* Work item *
Without the images, reproduce each line of the material exactly.

* Source material *
%%
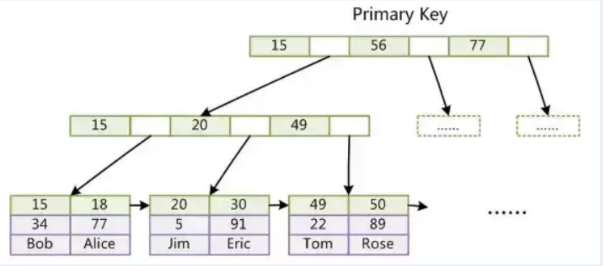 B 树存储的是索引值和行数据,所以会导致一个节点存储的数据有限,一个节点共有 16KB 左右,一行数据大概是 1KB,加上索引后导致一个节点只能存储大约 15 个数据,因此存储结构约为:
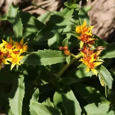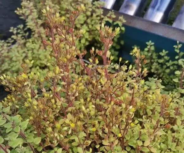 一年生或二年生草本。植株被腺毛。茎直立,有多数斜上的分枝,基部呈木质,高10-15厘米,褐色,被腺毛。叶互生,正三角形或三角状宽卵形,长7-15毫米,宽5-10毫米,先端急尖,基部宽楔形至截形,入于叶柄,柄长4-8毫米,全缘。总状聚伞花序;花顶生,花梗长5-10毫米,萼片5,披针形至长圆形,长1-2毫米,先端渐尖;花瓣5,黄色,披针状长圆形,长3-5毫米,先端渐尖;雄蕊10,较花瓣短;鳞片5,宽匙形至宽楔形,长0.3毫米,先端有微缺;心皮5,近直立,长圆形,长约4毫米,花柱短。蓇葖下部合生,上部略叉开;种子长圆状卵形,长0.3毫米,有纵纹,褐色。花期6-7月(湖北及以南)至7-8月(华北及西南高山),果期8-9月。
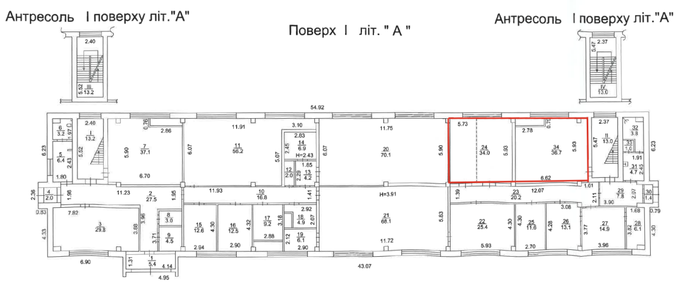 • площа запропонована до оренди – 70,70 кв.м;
%%
* Answer space *
 B 树存储的是索引值和行数据,所以会导致一个节点存储的数据有限,一个节点共有 16KB 左右,一行数据大概是 1KB,加上索引后导致一个节点只能存储大约 15 个数据,因此存储结构约为:
 一年生或二年生草本。植株被腺毛。茎直立,有多数斜上的分枝,基部呈木质,高10-15厘米,褐色,被腺毛。叶互生,正三角形或三角状宽卵形,长7-15毫米,宽5-10毫米,先端急尖,基部宽楔形至截形,入于叶柄,柄长4-8毫米,全缘。总状聚伞花序;花顶生,花梗长5-10毫米,萼片5,披针形至长圆形,长1-2毫米,先端渐尖;花瓣5,黄色,披针状长圆形,长3-5毫米,先端渐尖;雄蕊10,较花瓣短;鳞片5,宽匙形至宽楔形,长0.3毫米,先端有微缺;心皮5,近直立,长圆形,长约4毫米,花柱短。蓇葖下部合生,上部略叉开;种子长圆状卵形,长0.3毫米,有纵纹,褐色。花期6-7月(湖北及以南)至7-8月(华北及西南高山),果期8-9月。
 • площа запропонована до оренди – 70,70 кв.м;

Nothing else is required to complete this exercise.